It is always fun speculating about what teams will step up in the upcoming year. After an offseason full of speculation and player movement, we are approaching the promised land that is Opening Day.
Teams like the Brewers and Yankees have reloaded their rosters and will expect great things in 2018. Who will be the ones to take a step back though?
Los Angeles Dodgers
The Dodgers finished 2017 with 104 wins, which almost turned out to be a disappointment as some people thought they would have a shot at the coveted 116 mark. They hit a snag late in the summer though with just one win over a 17-game stretch from late August into September.
Nonetheless, Los Angles picked themselves up by the bootstraps and dominated in October. They only lost five games in the entire postseason, but that was not good enough as they fell one short by falling to the Astros.
Winning the World Series is about as much improvement as this team can make after losing in seven games last year. There isn’t anywhere else to go if they are to improve. That is why they are a prime candidate to regress in 2018.
The only notable move the Dodgers made was a salary dump in which they also acquired former Dodger, Matt Kemp. Some thought that Kemp would immediately be released, but it looks like they are holding onto him and they may even start him. However, the addition of Kemp is not enough for this team.
Yu Darvish is now a Chicago Cub, and even though the Dodgers are still a prime contender, it is still conceivable to see the Nationals, or even the Brewers, outplay them in October.
This one is a no-brainer. Ever since Derek Jeter and his ownership group gained control of the Miami Marlins, things have gotten ugly. Miami managed to win 77 games in 2017, which is nothing to write home about, but they didn’t have that bad of a team.
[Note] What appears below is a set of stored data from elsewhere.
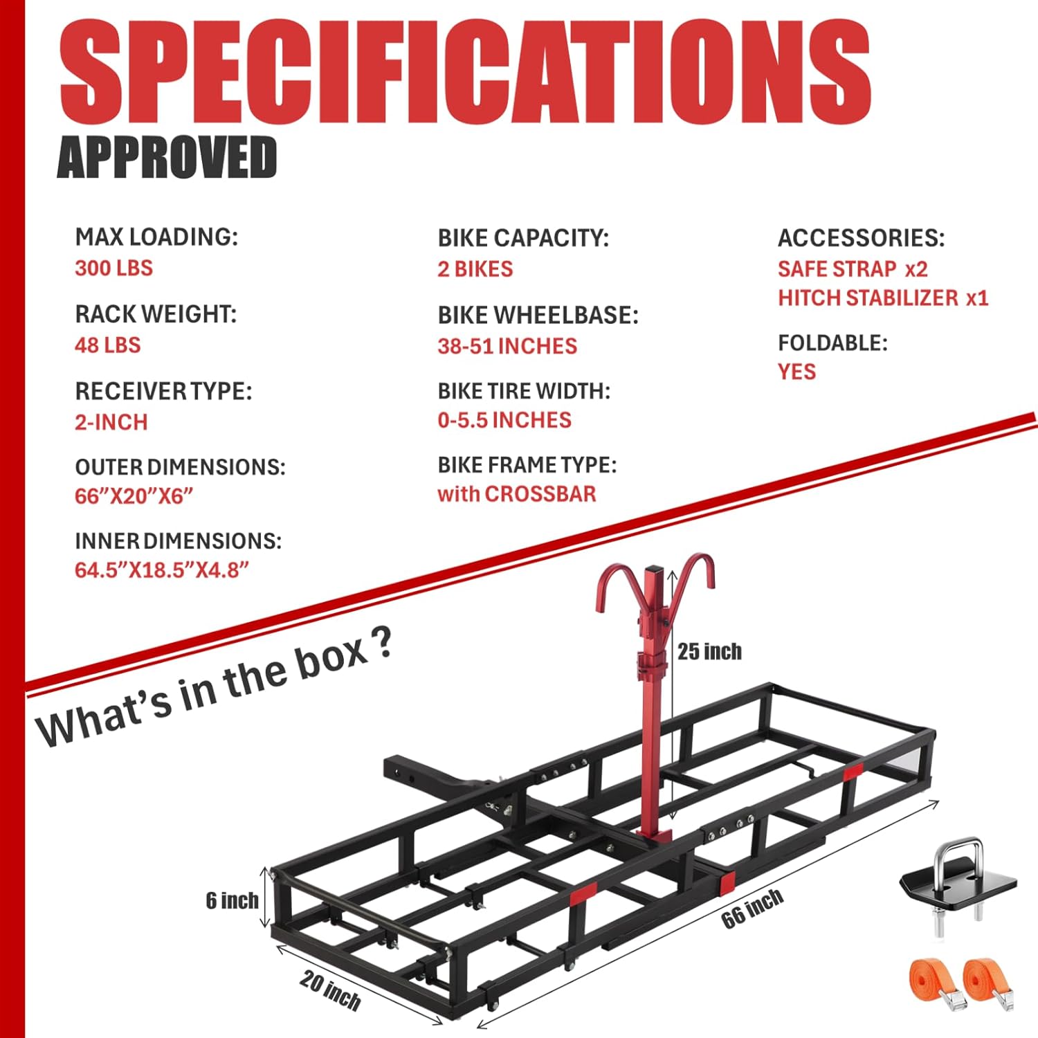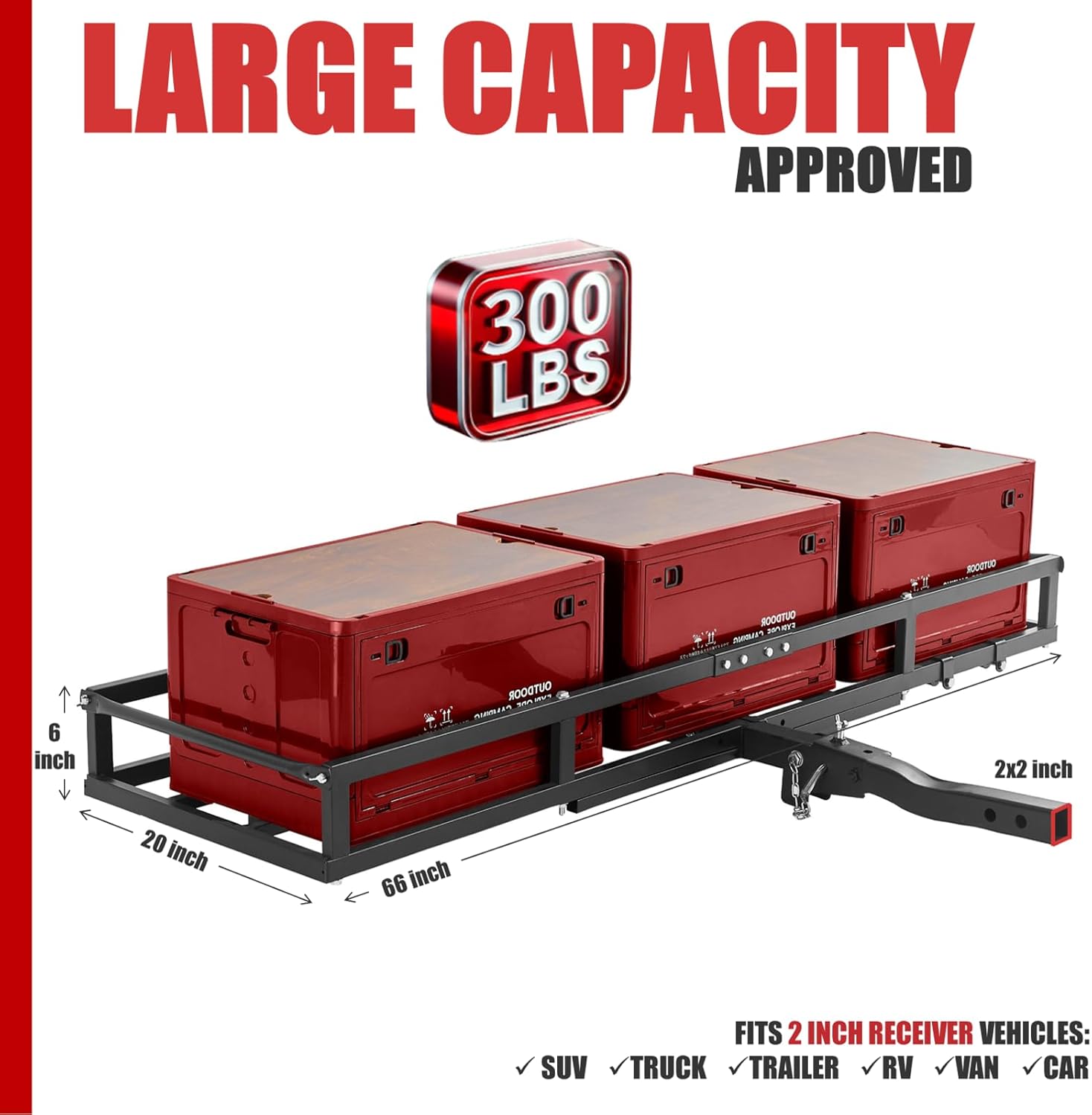 Ideal for road trips and outdoor expeditions. In cargo mode, this hitch rack expands your vehicle's storage capacity. Measuring 66 x 20 x 6 inches, it delivers ample space and heavy-duty load-bearing performance—hauls camping gear, travel essentials, and more, up to 300 lbs.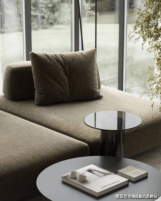 苏州上华璟庭售楼处电话☎:400-8118-224(售楼处预约看房热线)客厅中,设计师选用暖灰色作为空间的主色调,搭配上原木色的地板,奠定现代极简的空间基调.灰绿色的布艺沙发搭配上圆形的小茶几,展现出空间的几何美感.沙发旁摆放着绿植,为室内空间增添了一抹色彩,呈现出现代空间的生活美学.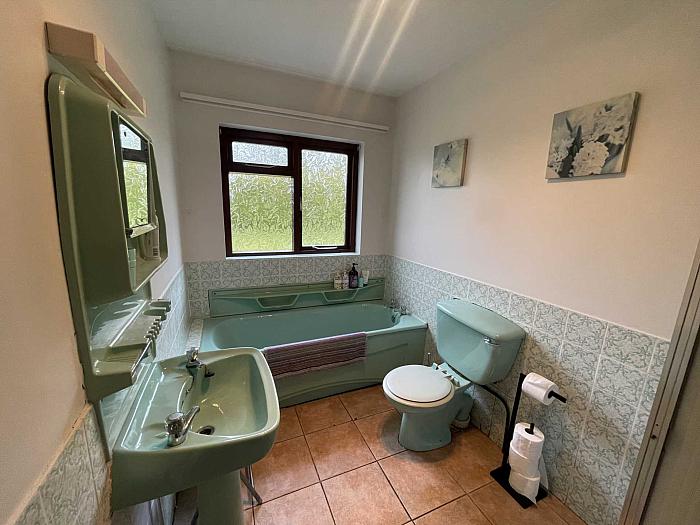 Four piece coloured suite to include low flush WC, pedestal wash hand basin, panel bath, electric shower and ceramic tiled floor.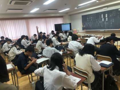 2年生の国語の授業は文法を学習していました。「文法はちょっと苦手」という生徒も多いのでは!?そこで、先生はワークやQubena、ロイロノートの問題などを活用しながら、少しでも楽しく学習できるよう工夫しながら進めていました。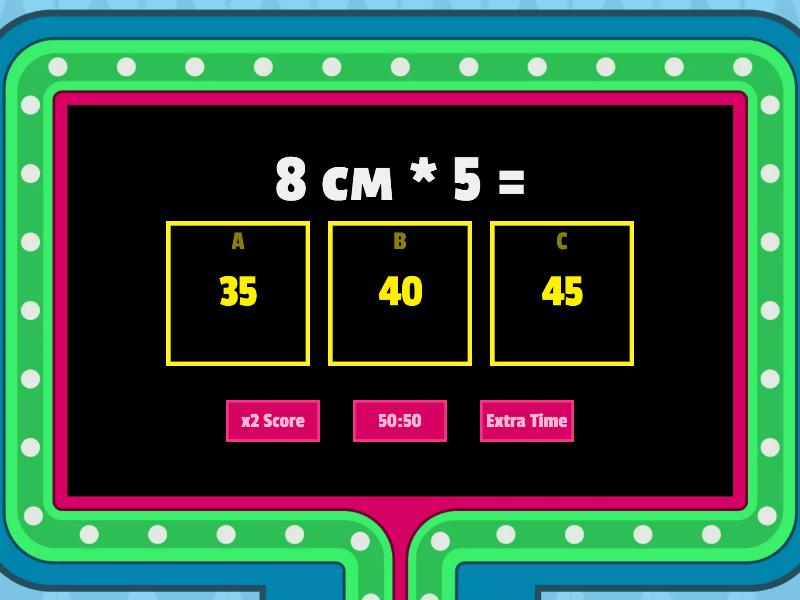 1) 8 см * 5 = a) 35 b) 40 c) 45 2) 40 см : 5 = a) 6 b) 4 c) 8 3) 6 л * 4 = a) 36 b) 24 c) 42 4) 21кг : 7 = a) 4 b) 3 c) 5 5) 7кг * 3 = a) 14 b) 21 c) 28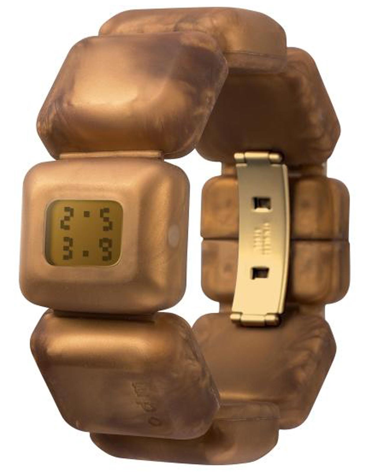 - Brown Silicone Band. Fits up to 7 inch wrist (Band not resizable).

With Giancarlo Stanton, Marcell Ozuna and Christian Yelich being one of the best outfield trios in baseball, things looked good in Miami. Jeter and company did not see it that way though. They elected to blow the whole thing up by trading all those guys away along, with Dee Gordon. Now, Miami is one of the least desirable places to play baseball.
Jeter has acknowledged that this process will take time, but the pushback has not been easy. Dan Le Batard lit up Rob Manfred for letting this sale happen, which led to the destruction of the current Marlins. If you were to ask ownership though, the current cast was not going anywhere.
We will look back in six or seven years and have a better grasp on whether or not this was the right call for a floundering organization. For the time being though, it does not look good.
Another team from the NL West will be taking a step back in 2018. The Arizona Diamondbacks put in a solid 2017 season, coming in second place in the West behind Los Angeles. After beating Colorado in the Wild Card, Los Angeles let them know why they were a second place team by sweeping them out of October.
Arizona has not had any key losses by any means, but they could possibly fall victim to the powerful division that is the National League West. Both San Francisco and San Diego saw how their divisional counterparts were doing and decided to make some moves to get more competitive. The Giants especially have shown that they take their even years seriously by acquiring Andrew McCutchen and Evan Longoria.
The Diamondbacks still have some solid rotational pitching along with great bats like Paul Goldschmidt and A.J. Pollock. They won’t have the same teams to beat up on in the bottom of the division anymore. On top of that, they still have to deal with the Dodgers, who may regress, but are still a dominant team in the National League.
The Pirates fall into the same category as the Miami Marlins. Although they did not have the same sort of future potential as the Marlins, they pretty much jumped ship on their current roster.
The two faces of the franchise were Andrew McCutchen and Gerrit Cole. Neal Huntington did not hesitate to keep them though as he shipped both of them out West. The Pittsburgh faithful were not happy with this decision, as they are pretty much abandoning the coming seasons.
They may have realized that nothing was coming from the current core, or they could have recognized the other teams in the division and seeing what they were looking like.
The entire league looks tough right now, and that is why the Pirates may be looking to invest in their future now. After all, it is not ridiculous to try to pull off the same sort of success achieved by Theo Epstein in Chicago and Jeff Luhnow in Houston.